Data Set sharing and access-control
Share
The basic principle of the Project - Data Set abstraction is that no data can be copied/moved outside of a
project’s scope, making a project effectively a sandbox for data and programs. However, Data Sets can be shared with one
or more other projects and only data owners have privileges to share Data Sets. To share a Data Set, navigate to
the Data Sets
browser from the services menu on the left, right-click on the Data Set to be shared and from the
Share with
option select either project
or cluster
.
In the case of project
, a popup dialog will then prompt users to select a target project with which the Data
Set is to be shared with. It is also feasible to filter projects by name as shown in the image below.
When sharing a Data Set you can also choose share permissions.

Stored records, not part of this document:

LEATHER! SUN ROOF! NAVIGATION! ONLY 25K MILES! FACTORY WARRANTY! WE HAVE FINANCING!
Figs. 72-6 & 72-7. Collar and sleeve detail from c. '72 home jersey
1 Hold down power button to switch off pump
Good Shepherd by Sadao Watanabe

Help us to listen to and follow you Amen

Available permissions are shown in the image below.
- Everyone can read: gives read only access to all members of the project the Data Set is shared with.

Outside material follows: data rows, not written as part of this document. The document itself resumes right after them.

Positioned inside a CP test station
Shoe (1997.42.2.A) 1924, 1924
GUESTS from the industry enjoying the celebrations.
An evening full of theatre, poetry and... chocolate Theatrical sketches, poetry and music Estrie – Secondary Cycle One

- Everyone can edit: gives read/write access to all members of the project the Data Set is shared with.
- All Data owners can edit: gives data owners write access and read only access to all other members of the project the Data Set is shared with.
To complete the sharing process, a Data Owner in the target project has to click on the shared Data Set,
and then click on Accept
to complete the process, Reject
to reject the shared Data Set or cancel
for no
action.
Unshare
Data Sets can be unshared
by data owners, either from the parent project or from the project they have been
shared with. To do that, users of the parent project can right-click on the Data Set, click UnShare from
and then
select the project to unshare from. Users of the “shared-with” project, need to right-click on the shared Data Set
and then click Remove DataSet
.
Changing share permission
To change permission of a shared Data Set data owners can right-click on the Data Set and click Share permission
. This will open a popup
dialog with a table listing all projects the Data Set is shared with.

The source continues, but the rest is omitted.